NIST Draft: The KMAC, TupleHash, and FPH Functions [pdf] - niftich
https://www.ietf.org/mail-archive/web/saag/current/pdfxrzR9rycq3.pdf
======
tptacek
In case you're wondering, these are new NIST standards for things you can do
with SHA-3 beyond simply using it as a hash.

KMAC is SHA-3's alternative to HMAC. You can use HMAC with SHA-3, but it's
wasteful, since part of the point of SHA-3 is to make the HMAC construction
(which applies the hash function twice to achieve separation between the key
and the data being authenticated) unnecessary.

TupleHash is a construction that reliably hashes an array of byte strings,
some entries of which might be the empty string.
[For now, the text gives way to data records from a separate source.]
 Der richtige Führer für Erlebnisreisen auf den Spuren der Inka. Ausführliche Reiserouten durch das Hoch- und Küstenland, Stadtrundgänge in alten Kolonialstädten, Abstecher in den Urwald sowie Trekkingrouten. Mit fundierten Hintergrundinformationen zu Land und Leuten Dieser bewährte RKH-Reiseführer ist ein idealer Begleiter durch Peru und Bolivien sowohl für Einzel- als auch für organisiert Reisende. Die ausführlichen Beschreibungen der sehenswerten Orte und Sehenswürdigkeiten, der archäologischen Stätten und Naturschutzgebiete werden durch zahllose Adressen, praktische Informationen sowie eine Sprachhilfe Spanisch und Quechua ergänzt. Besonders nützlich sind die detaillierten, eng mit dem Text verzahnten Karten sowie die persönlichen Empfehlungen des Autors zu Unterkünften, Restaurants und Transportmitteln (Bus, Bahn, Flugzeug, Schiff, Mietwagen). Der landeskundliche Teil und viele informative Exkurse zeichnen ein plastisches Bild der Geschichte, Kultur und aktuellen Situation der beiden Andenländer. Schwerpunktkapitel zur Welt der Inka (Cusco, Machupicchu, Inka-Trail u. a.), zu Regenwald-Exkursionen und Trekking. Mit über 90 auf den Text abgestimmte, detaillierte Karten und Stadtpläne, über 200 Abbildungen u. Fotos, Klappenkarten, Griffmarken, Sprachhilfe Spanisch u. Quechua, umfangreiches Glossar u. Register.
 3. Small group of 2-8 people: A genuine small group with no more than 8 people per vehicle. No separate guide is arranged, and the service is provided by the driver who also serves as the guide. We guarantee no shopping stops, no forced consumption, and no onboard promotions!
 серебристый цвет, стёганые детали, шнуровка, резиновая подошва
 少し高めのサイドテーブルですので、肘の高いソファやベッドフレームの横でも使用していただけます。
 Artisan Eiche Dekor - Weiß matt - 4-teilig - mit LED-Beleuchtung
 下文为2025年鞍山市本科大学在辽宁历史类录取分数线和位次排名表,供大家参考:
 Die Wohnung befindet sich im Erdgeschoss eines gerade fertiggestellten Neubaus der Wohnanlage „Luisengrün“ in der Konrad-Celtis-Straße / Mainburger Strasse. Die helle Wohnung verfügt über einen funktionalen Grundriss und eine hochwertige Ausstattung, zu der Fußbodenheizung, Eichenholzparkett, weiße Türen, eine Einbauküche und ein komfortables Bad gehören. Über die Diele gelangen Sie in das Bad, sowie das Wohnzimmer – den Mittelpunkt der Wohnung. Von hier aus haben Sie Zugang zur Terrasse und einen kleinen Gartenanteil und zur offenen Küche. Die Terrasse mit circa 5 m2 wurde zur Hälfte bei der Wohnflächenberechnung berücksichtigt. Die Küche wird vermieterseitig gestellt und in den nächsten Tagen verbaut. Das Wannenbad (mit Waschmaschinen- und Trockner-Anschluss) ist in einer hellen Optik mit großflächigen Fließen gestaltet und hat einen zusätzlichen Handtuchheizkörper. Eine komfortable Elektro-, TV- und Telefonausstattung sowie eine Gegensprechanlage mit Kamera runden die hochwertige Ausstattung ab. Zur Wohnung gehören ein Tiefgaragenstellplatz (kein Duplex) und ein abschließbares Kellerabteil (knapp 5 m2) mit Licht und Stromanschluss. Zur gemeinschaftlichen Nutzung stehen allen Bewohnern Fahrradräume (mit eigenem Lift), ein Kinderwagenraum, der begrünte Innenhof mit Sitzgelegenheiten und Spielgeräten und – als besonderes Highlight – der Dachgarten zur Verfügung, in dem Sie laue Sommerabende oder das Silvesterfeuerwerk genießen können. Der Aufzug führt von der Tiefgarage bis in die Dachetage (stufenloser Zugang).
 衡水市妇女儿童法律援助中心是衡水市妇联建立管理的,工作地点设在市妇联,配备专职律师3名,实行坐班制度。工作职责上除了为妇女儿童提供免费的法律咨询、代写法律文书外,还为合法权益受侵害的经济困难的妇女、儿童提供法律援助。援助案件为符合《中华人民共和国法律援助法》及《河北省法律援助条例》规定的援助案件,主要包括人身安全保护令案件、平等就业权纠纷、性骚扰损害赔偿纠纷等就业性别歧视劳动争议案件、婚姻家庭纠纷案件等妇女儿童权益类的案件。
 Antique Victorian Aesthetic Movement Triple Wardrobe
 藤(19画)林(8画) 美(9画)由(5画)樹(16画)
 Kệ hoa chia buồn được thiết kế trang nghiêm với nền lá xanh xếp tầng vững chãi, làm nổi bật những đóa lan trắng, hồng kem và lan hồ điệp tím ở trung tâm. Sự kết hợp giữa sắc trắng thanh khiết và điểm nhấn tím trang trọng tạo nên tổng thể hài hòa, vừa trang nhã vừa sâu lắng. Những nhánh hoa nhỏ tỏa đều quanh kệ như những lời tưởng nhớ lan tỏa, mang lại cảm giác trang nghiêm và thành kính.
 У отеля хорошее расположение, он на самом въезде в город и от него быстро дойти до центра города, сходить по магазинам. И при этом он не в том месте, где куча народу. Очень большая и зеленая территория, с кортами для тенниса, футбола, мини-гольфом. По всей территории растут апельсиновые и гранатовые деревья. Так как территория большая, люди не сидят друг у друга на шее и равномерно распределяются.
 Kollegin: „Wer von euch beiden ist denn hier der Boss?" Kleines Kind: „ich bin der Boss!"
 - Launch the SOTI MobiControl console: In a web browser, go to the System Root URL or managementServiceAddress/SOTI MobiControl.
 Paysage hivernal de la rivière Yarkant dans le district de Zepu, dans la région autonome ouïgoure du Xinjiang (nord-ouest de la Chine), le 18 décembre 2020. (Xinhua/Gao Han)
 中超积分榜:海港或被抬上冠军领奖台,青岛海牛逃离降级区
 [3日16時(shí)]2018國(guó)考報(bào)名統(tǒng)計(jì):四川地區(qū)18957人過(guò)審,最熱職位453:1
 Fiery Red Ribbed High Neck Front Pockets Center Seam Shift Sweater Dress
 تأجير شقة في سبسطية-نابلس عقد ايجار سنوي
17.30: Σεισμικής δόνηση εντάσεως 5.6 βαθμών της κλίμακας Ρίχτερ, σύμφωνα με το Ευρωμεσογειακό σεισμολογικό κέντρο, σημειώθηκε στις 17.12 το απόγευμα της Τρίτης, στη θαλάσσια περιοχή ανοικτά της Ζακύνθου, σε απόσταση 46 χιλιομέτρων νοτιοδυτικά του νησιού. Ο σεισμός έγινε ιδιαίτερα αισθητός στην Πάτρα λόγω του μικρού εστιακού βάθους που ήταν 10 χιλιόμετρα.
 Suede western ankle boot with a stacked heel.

FPH is a construction that exploits parallelism to more quickly hash huge
strings.

------
niftich
These slides from 2015 [1] detail some of the rationale that went into
designing these functions.

Specifically, slide 13 says these 'Domain Separated' functions are "completely
unrelated", ie. they can't be computed from each other. According to them
"this should make it a little harder to shoot yourself in the foot with these
functions".

It appears the designers are realizing that assembling crypto building blocks
in ways that remain secure and make sense is difficult, so they're providing
ready-made versions made for specific uses.

[1]
[http://csrc.nist.gov/news_events/cif_2015/research/day1_rese...](http://csrc.nist.gov/news_events/cif_2015/research/day1_research_200-250pt1.pdf)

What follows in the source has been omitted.